|
Boost : |
Subject: Re: [boost] [GSoC] Request for Feedback on Boost.Bloom Filter Project
From: Alejandro Cabrera (cpp.cabrera_at_[hidden])
Date: 2011-06-22 13:56:22
Hello Phil,
> Hi Alejandro,
>
> Alejandro Cabrera wrote:
>> I'm writing to request feedback, suggestions, and advice from the Boost
>> community. I've been working on a Bloom filter data structure for about
>> a month and a half now. At this point, the following is complete and
>> available in the Boost Sandbox:
>> - working, basic prototype (insert& query operations, union& intersect)
>> - a test suite covering the public interface
>> - five examples
>> - documentation covering many aspects of the project (tested on Chrome
>> 12 and 13, Firefox 4 and 6)
> At first glance, this looks very good. Well done.
>
> Bloom filters are essentially a quite simple concept, and I suggest
> that you should stick to that i.e. resist any temptation to add lots of
> extra features. Having said that, I think you should look at e.g.
> std::set<> and std::unordered_set and see what you can do to make your
> class closer to them. I can think of:
>
> - empty()
> - clear() (Ah, you do have this, but not documented?)
I accidentally skipped documenting this. Thank you for pointing this out.
> - a constructor that takes a range, e.g.

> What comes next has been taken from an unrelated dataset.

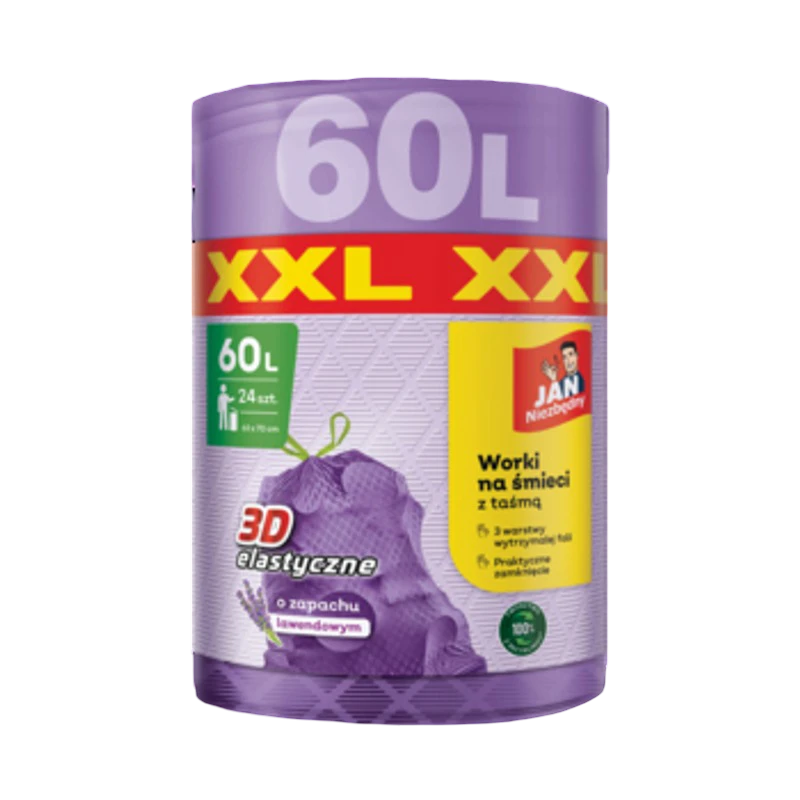 Jan Niezbędny Worki LD 3D taśma Lawenda XXL 60L 24szt

> int a[] = { 1,2,3,4,5 };
> bloom_filter<int> b(a,a+5);
> std::list<int> l;
> bloom_filter<int> c(l.begin(),l.end());
> - insert(begin,end) similarly
I hadn't considered various ways to construct the Bloom filter. I
assumed users would always want to start with an empty Bloom filter, but
this would make using the Bloom filter more flexible.
> - swap()
I overlooked swap. I'll add this.
> - You have a size() which is (confusingly?) different from those
> containers' size(); it's more like capacity() I guess. (Similarly I
> think I would rename count() to maybe bit_count().)
I agree that using size() as I do is confusing, versus what size() has
come to mean for standard containers. This would better be named
something like bit_count(). I'll reconsider the name.

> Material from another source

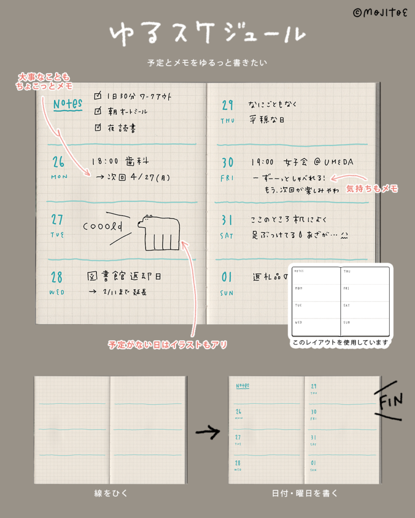 その週の雰囲気を残すページくらいの気持ちでOKです。

> There is a trade-off between the size of the filter, the number of
> values stored, the number of hash functions and the false positive
> rate. You might consider adding some sort of compile-time
> metafunctions to help the user determine the right size and number of
> hash functions, based on their expected number of values stored and
> acceptable false positive rate. Similarly, you could add a static
> expected_false_positive_rate() method that takes the number of stored
> values as a parameter.
Given a desired false positive rate, an expected number of elements and
an upper-limit on the storage requirement, it is possible to determine
both a good Size value and a good number of hash functions. I see now
how meta-functions can help alleviate the burden on the user for picking
good values.
This might take a bit of work to provide as a feature. It would involve
ratios to represent the false positive rate as a template parameter to
the meta-function. I'll put this feature off 'til version 1.1 or 1.2.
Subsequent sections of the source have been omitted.